For the PR department, the event does not end as the press de­parts. Whether it was a simple news conference or a one-hundredth-anniversary ball, the next morning the staff should conduct a full review of the event's success or problems. A checklist with the names of every member of the press should be maintained to note who at­tended, who did not, and what reasons were given. Follow-up mail­ings should be ready to go within days, along with additional fact sheets in the case of a developing news story, and perhaps souvenir photographs in the case of a gala reception.

And finally, the media must be monitored to find out whether the event generated news coverage (and thus is worth repeating in the future).

 

 

Is it ever proper—or even possible—to call a news conference for the pur­pose of criticizing the press and telling it to clean up its act?

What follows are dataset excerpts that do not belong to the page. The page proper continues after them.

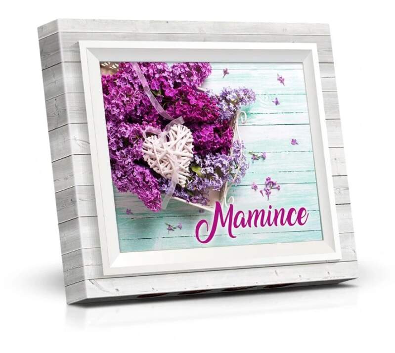 Mamince - Plněné čokoládové pohárky - bílé dřevo 110g Lahodné čokoládové pohárky s lískooříškovým, mandlovým a mléčným krémem. Složení: Hořká čokoláda (cukr, kakaová hmota, kakaové máslo, sušená syrovátka (z mléka), emulgátor: sójový lecitin, aroma vanilin). Náplň (60%): rostlinný tuk (palmový olej), cukr, pražené mandle (5%), sušené odstředěné mléko, sušená syrovátka (z mléka), pražené lískové ořechy (4%), kakaový prášek, kakaová hmota, laktóza (z mléka), sušené mléko, karamelové křupinky (cukr, sójové boby, nehydrogenovaný palmový olej, glukózový sirup, barvivo: karamel E150a, přírodní aroma "karamelové máslo"), práškový jogurt, jahodové lupínky, emulgátor (sójový lecitin), příchuť vanilin, regulátor kyselosti (kyselina mléčná). Informace pro alergiky: Může obsahovat stopy arašídů a lepku. Skladujte na suchém místě, chraňte před teplem. Výživové údaje na 100 g energetická hodnota 2256 kJ / 541 kcal tuky 36,2 g z toho nasycených 19,1 g sacharidy 45,2 g z toho cukry 39,8 g bílkoviny 8,7 g sůl 0,2 g
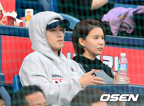 15일 오후 서울 잠실구장에서 열린 '2013 한국야쿠르트 세븐 프로야구' 두산 베어스와 삼성 라이온즈의 경기, 박시은-진태현이 경기를 관전하고 있다.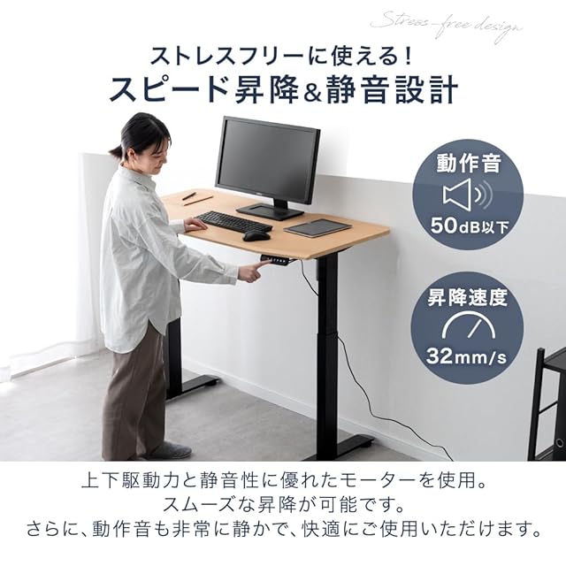 【スタッフのおすすめポイント】ボタン一つでお好みの高さに電動昇降デスク・好きな高さを4パターン登録可能 メモリ機能・ストレスフリー! 静音&スピード昇降・挟み込みを防ぐ 衝突防止センサー付き・頑丈!耐荷重120kg・複数国の基準を合格した安心設計<br>・お手入れ簡単! PVC天板・がたつき防止アジャスター付き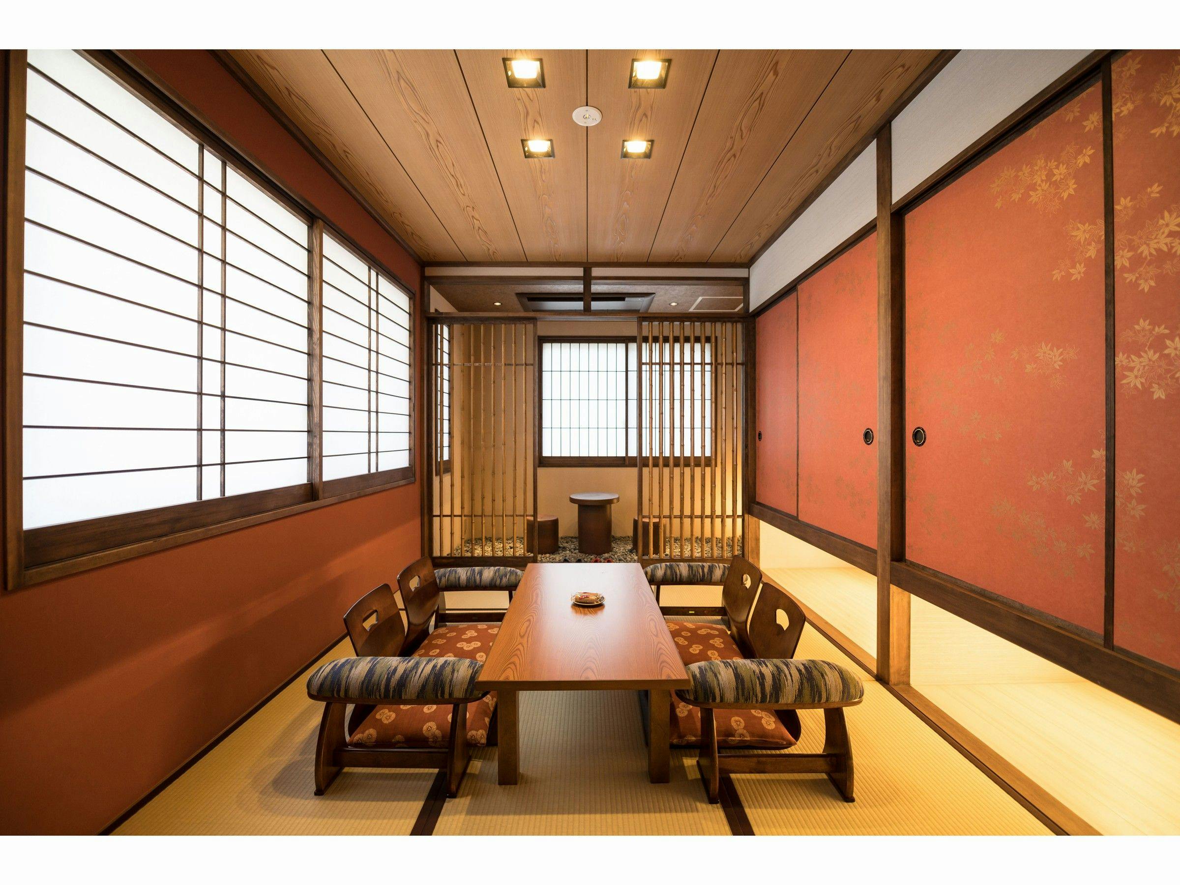 葉が色づく頃の京都を、お部屋の中でも感じていただける落ち着いた空間です。5名様までお泊りいただけるため、ご家族のご利用に最適です。

Will the or­ganization that tries it regret the decision to take an adversarial stance?

Brown University's Robert A. Reichley, vice president for university relations, did just that when the media were having a field day with the story that female students at the university posed nude for photographs and were arrested on prostitution charges in an off-campus apartment. Tabloid coverage implied that Brown itself was where criminal activity took place.

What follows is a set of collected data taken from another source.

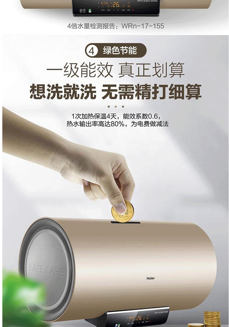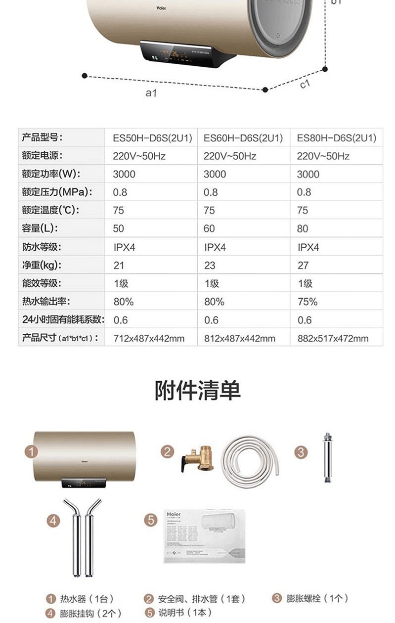 商品名称:海尔(Haier) 热水器50升 大功率速热大水量 一级能效 ES50H-D6S(2U1)(含安装)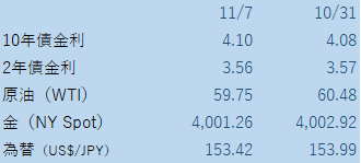 労働市場の弱さへの懸念 → 連邦政府閉鎖の影響で、10月の雇用統計がまだ発表されていません。金融政策が手探り状態になっている中で、雇用が比較的強いことが、金利が高止まりしても米国経済は大丈夫という信念が、市場を支えてきました。(不安を抱えつつも)それが、民間の雇用関連の指標で、揺らいできています。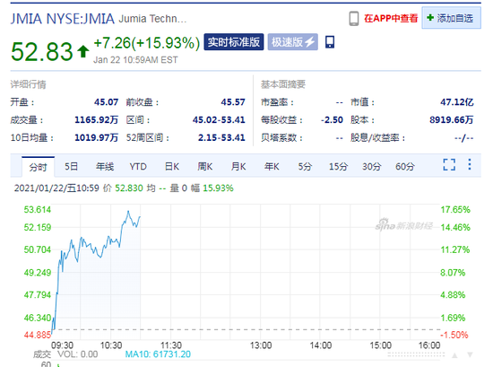 周五早盘,Jumia大涨15.9%,报52.83美元,创历史新高。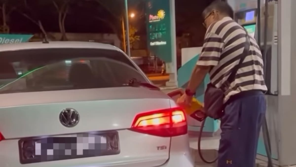 It shows a man pumping RON95 fuel – which is only subsidised for Malaysians with locally-registered vehicles – into a car with a partially obscured license plate.

The university's top spokesperson took it straight to the press in his news conference. Saying reporters had a "magnificent inability to focus on what the real issues were," he attacked the media for placing undue emphasis on the university's role in the affair. At root, he pointed out, was an ongoing belief by the media that Brown University is an un­orthodox place.

Reichley's approach worked. Most reporters were more careful of their facts in succeeding coverage, and the university got better press as a result. In this case, the intelligent demeanor of the spokesperson paid off, along with a consistent pattern of handling the press fairly, the staff also must have the authority to cut red tape and expedite ac­cess of the press to important sources.

 

Using Radio

 

Radio, the first of the electronic media, was "new" in the 1920s, when it began to offer an alternative to print information media. Subsequently, broadcast television became the novel medium—then cable and the VCR, along with the computer and the many programs and database services that turn a personal computer into a medium of mass communication.

Does that mean that radio's days are past, that the medium is a relic of a bygone era when people listened to it carefully for up-to-the-minute news and to hear events as they unfolded? Not if you think about what radio is and does today. Radio is another person talking to you. Radio is local. And the cost of radio is comparatively inexpensive per message, which permits an organization to repeat something. Radio, in other words, is a very important medium for the public relations practitioner to consider.

Let's begin our discussion of the way radio fits into the public rela­tions campaign by analyzing the formats it offers, from paid advertise­ments to public-service spots.

 

Paid Advertisements

If you want to dictate the precise content, time, and date of your mes­sage, you'll have to pay for advertising space. The size of your budget will determine what kinds of paid spots you can afford. It costs more to buy drive-time spots, when millions of commuters are listening to the radio, than it does to buy late-night time, when insomniacs are the main audience. It costs more to position your spots before the local news broadcast each evening than it does to buy a package deal for thirty or forty repetitions of the same spot when the radio station selects the posi­tions—perhaps guaranteeing that a certain percentage of them will fall in prime time.

Perhaps radio's greatest attribute is its utility in sudden or emer­gency situations, when it is necessary to get a quickly prepared message to the general public or specialized publics on short notice. When the air traffic controllers' union went on strike, seriously disrupting air service across the nation, the airlines quickly bought time to broadcast simple spots in which a calm and authoritative announcer explained which flights would be operating normally, which service would be curtailed, and what telephone numbers area residents should call for various types of information—one number for flight crews, another for ground per­sonnel, another for passengers with flights scheduled on that particular day, and still another number for general information.